Again the Speed achieved a 5 out of 10 in this category not out of poor performance, but because it is average, and did not have any noticeable features which gave it a higher score. For example, the flexible fabric in the Mutant improved its durability, especially when overstuffed. And the Alpha has perhaps the most confidence inspiring fabric in this review. The Speed 50 is again average, but still incredible.
It is made of both 210 and 420 denier nylon, similar to the expedition packs in the review; however, the expedition packs had much more reinforcement and wider straps, so they scored well above average for durability. The metrics shake out the pros and cons of this extra focus on strength in expedition packs, however, and while the Speed 50 might fall behind in overall durability, it picks up favor in the versatility and weight-to-volume metrics.
The Speed 50 is second only to our Editor's Choice winner, the Osprey Packs Mutant 38, in the versatility metric. We carried skis A-frame for steep skiing; we scratched up alpine rock climbs; we dragged sleds in Alaska; we carried a rack of triple cams in the desert. This pack is up for just about anything.

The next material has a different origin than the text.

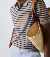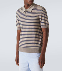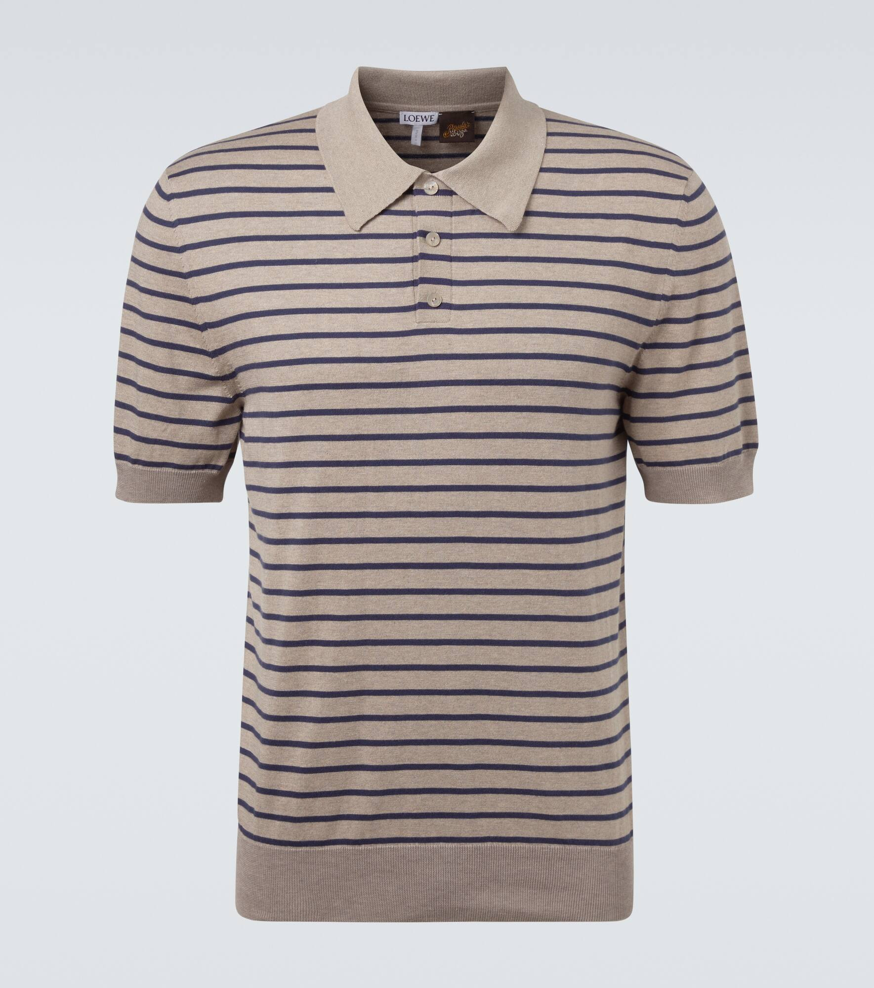 Founded in 1846 as a leathermaking company, Loewe maintains a commitment to art and craft of the utmost quality. This polo shirt is knitted from cotton-blend material and features all-over stripes and the brand's Anagram logo at the back of the collar. Product Details - Material: 94% cotton, 5% polyamide, 1% elastane - Care instructions: dry clean - Made in Italy - Designer color name: Grey/Navy Blue - Item color: gray, blue - Embroidery: 100% polyester - Collar: polo collar - Closure: partially button-down - Item number: P01048274 Size & Fit - True to size - Straight fit - Stretchy fabric - Falls to the hip - Height of model is 189cm-74.5" and wears a size L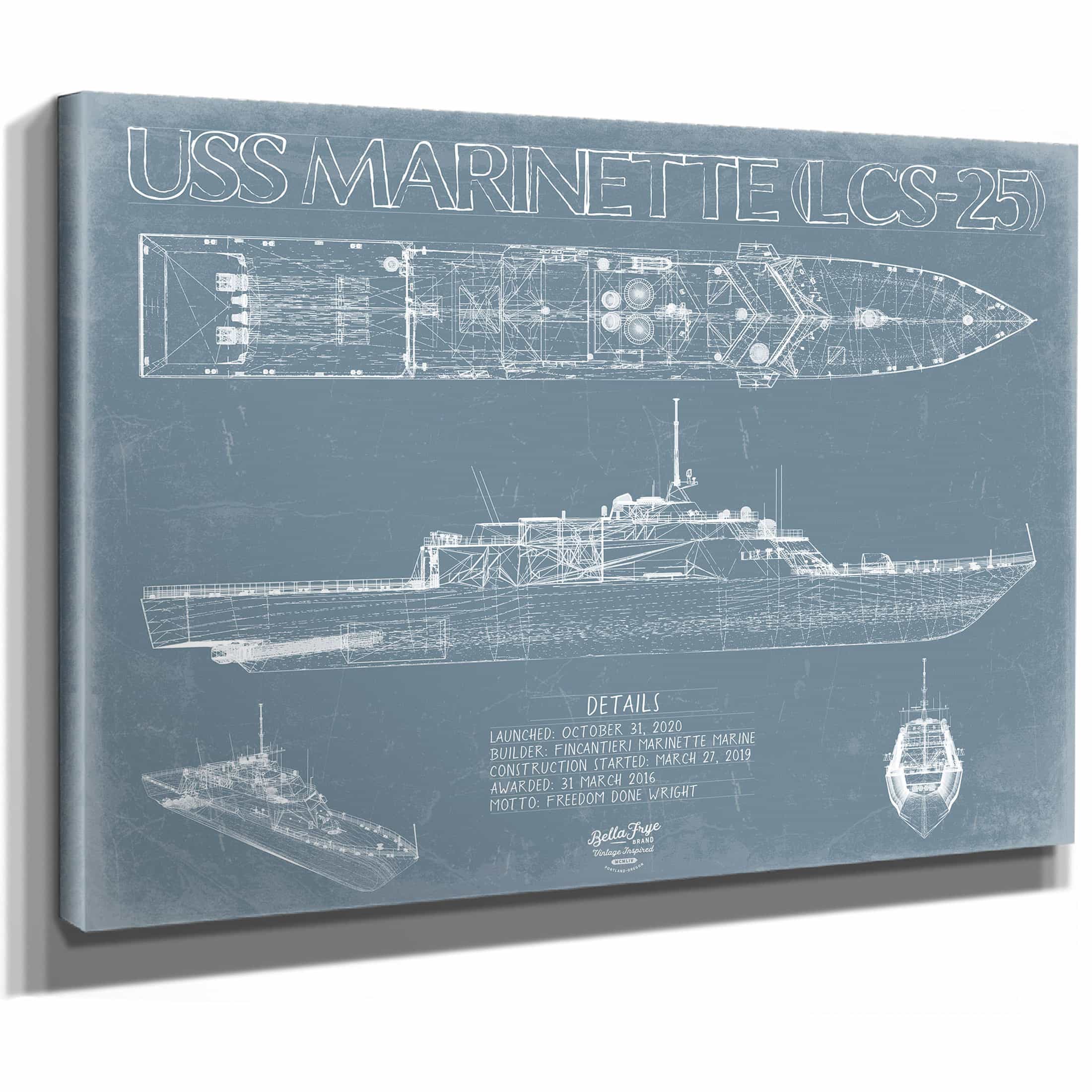 • Bella Frye Home & Garden > Decor > Artwork USS Marinette (LCS-25) Blueprint Wall Art - Original Littoral Combat Ship Print

The size is ideal for most trips 3-5 days long, but it is also simple and light enough to be stripped down for a fast-and-light summit push. We would often remove the lid of the pack, or stuff it inside the main compartment, to make the competitor even more compact.

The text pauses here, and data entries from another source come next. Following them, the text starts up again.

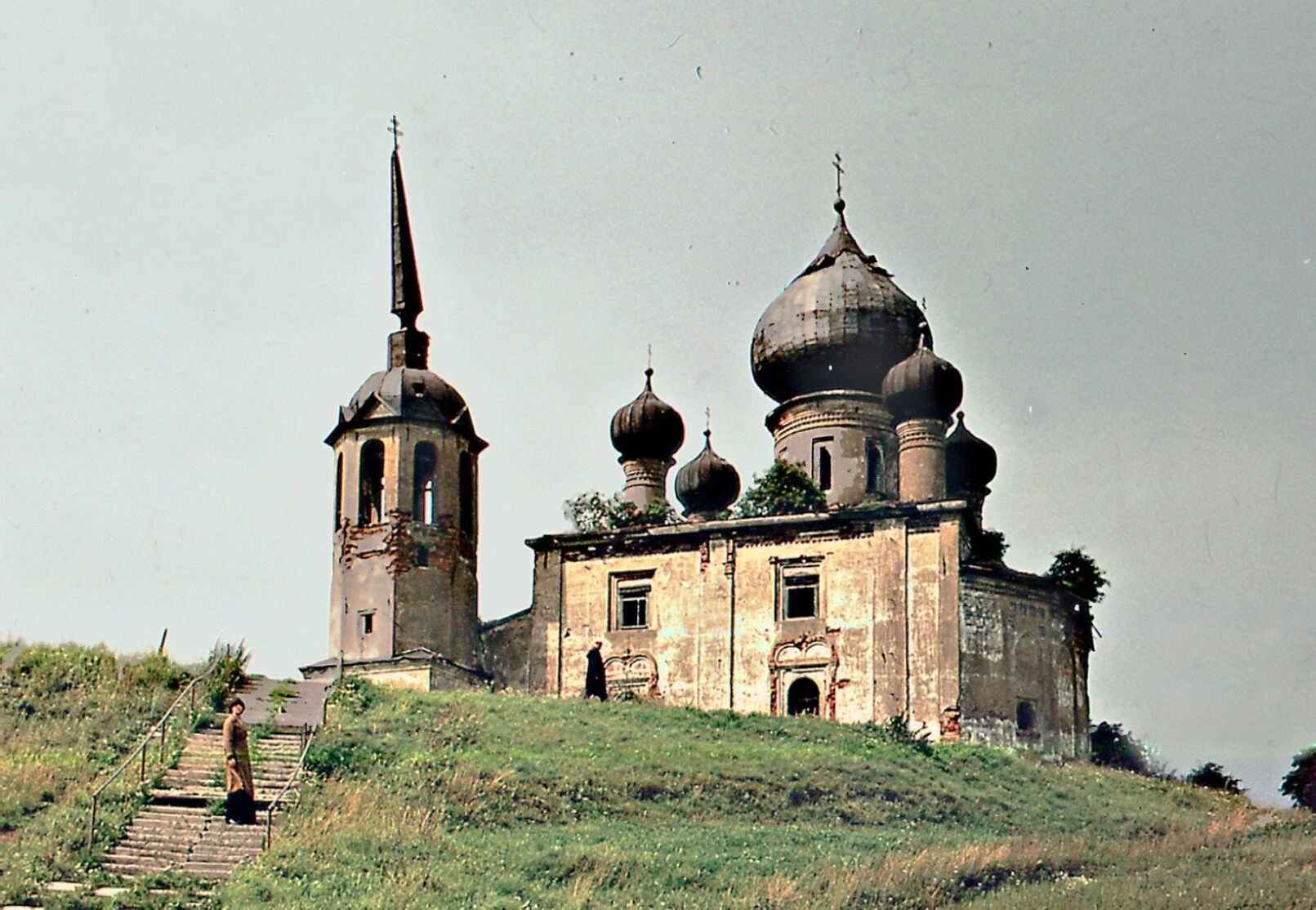 К сожалению, на момент съемки храм пребывает в полуразрушенном состоянии. На стенах видны следы многовековой ветхости, оконные и дверные проемы лишены заполнений, а верхняя часть колокольни частично обрушена. Такое состояние памятника архитектуры свидетельствует о сложной исторической судьбе православной святыни в советский период.
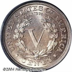 <table><tr><td><table><tr><td>1885 5C MS64 PCGS. Boldly struck in all areas and overlaid in blushes of pale orange and olive-gold patina. Long recognized as the key to the Liberty Nickel series. <BR><BR><B>Important notice:</B> Heritage usually auctions material at the rate of 200-250 lots per hour. On some occasions eBay Live bid software or the Internet may not be able to keep up with the pace of the auction. We recommend placing a realistic absentee bid now as insurance to avoid disappointment. Occasionally the auctioneer may eliminate or reject an eBay Live bid, and the auctioneer may also reopen a lot after the close of the eBay live bidding (usually because we missed an audience bid), and may reject your bid even if it shows you as the winning bidder. By bidding via eBay Live, you agree that Heritage may award the lot to another bidder at its sole discretion under the circumstances described above or any other reasonable circumstances. Since eBay bids are not shown to us until we open the lot on the floor, we treat those bids just like floor bids. In most cases the floor responds before the eBay bid is presented to us, due to Internet lag time, so for consistency we have made it a policy that floor bids are always considered first over tie eBay live bids. Also please note that all Heritage lots purchased through eBay Live carry a 20% Buyer's Premium. Please make sure you read the Terms and Conditions before you bid. <BR><BR><B>IMPORTANT ANNOUNCEMENT ABOUT RESERVES:</B> Heritage now divulges all reserves on its web site 7 days before every auction. If you want to know whether the reserve on this lot has been met, and if not, what the reserve amount is, please visit this lot page on the HeritageCoin.com web site, or email: bid@HeritageGalleries.com </span></font></td></tr></table></td></tr></table>
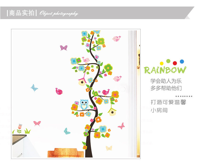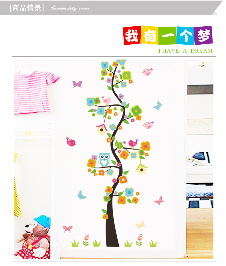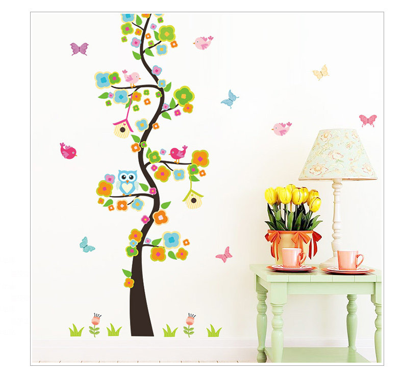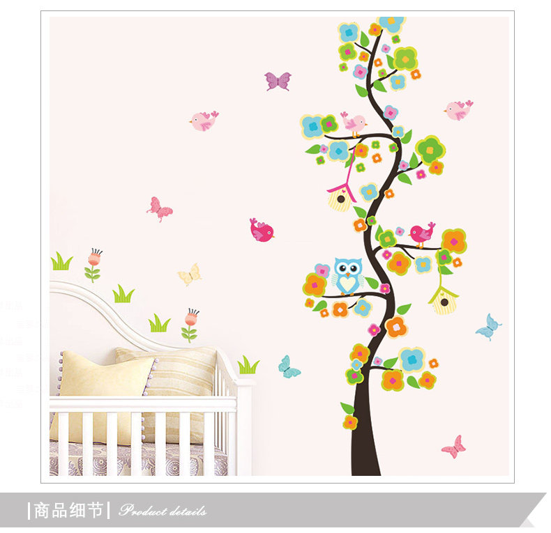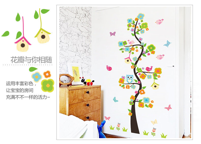 花瓣树沙发客厅背景墙贴纸可爱壁贴猫头鹰墙贴过道走廊装饰树墙贴

Simple is a great theme for a backpack—and the Speed 50 blends simplicity and functionality well. As noted above, this pack is up for a multitude of climbing tasks, due to its simple, straightforward, and well-thought-out features.

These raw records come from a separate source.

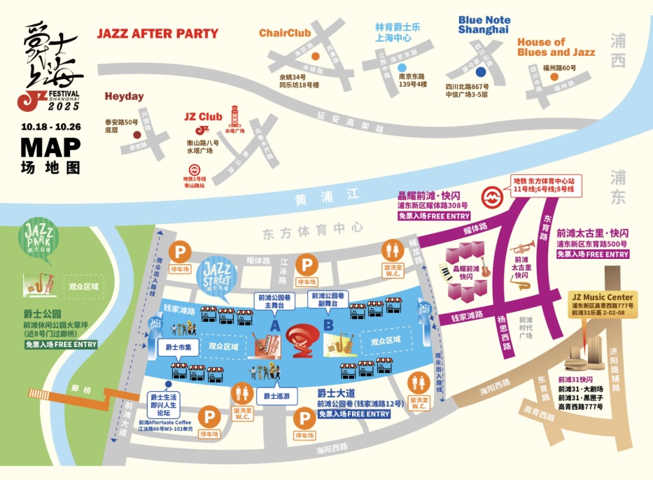 以“爵士上海·音乐世博”为主题的2025爵士上海音乐节,由世博管理局、陆家嘴集团与JZ Music联合主办。从剧场内的正装聆听,到公园中的松弛闲坐;从商业体里的惊喜快闪,到市集旁的即兴哼唱,构建起覆盖前滩31、前滩太古里、晶耀前滩、前滩公园巷及前滩休闲公园的立体音乐网络。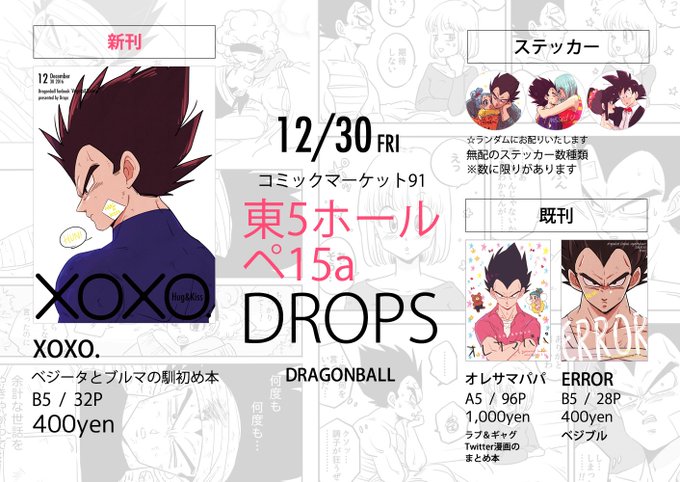 12月30日(金)サークル名:Drops【スペース:東5 ペ15a】宜しくお願いいたします!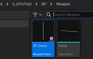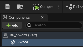 Actor로 BP_Sword만들고 메시를 루트밑에 넣어준다.

It scored higher than many comparable packs, earning a 7 out of 10 in this metric, more for its simplicity and utility rather than because it had more features. If you like your pack to have a lot of features, check out the Osprey Mutant. But if you want something clean and straightforward, the Speed is a wonderful choice.
The Speed 50 is at home in a variety of mountain environments. We loved using this pack on multi-day spring ski tours—it packs down small and carries securely for skiing through variable conditions. It holds up to the dry and dusty desert—and its cactus and sharp rocks. It is ideal for 3+ day trips in the mountains where you drop gear at a high camp and race to the summit with light packs. The only place we wouldn't want to take this pack is on steep multi-pitch rock climbs, but if you had to, you could haul the pack up a pitch or two, and it would get scuffed up on the rock, but it would arrive intact at the anchor.
If you want an affordable pack that really can go anywhere you want it to go, the Speed 50 is up for the challenge. Many Speed enthusiasts even have two or three models, including the Speed 22, 30, or 40.
At $189, the Speed 50 was an obvious choice for our Best Buy Award. The price has been beaten by the Osprey Mutant 38, however, at a shocking $160. We couldn't give the Mutant both awards, but we did think about it. The Speed, however, is a simple pack that will fit a bit more gear than the Mutant, so this is a great pack for the mountain generalist. To pull of 3-5 day trips using the Mutant, you'll need an efficient and lightweight kit. The Speed 50, with a bit more volume, is more forgiving. As such, this pack is likely to carry you through a broader range of activities without forcing you to think twice about every item you pack into it.
This pack is the most likely candidate in this review to be a "quiver-of-one" backpack, so it gets our Best Buy Award—and highest ranks for value.
The Black Diamond Speed 50 is a very common and popular pack. We would pull this one out for a broad range of activities, from cragging to ice climbing to mini expeditions dragging sleds and spring ski mountaineering. If we were to have one pack to do literally everything we like to do, this is likely the one.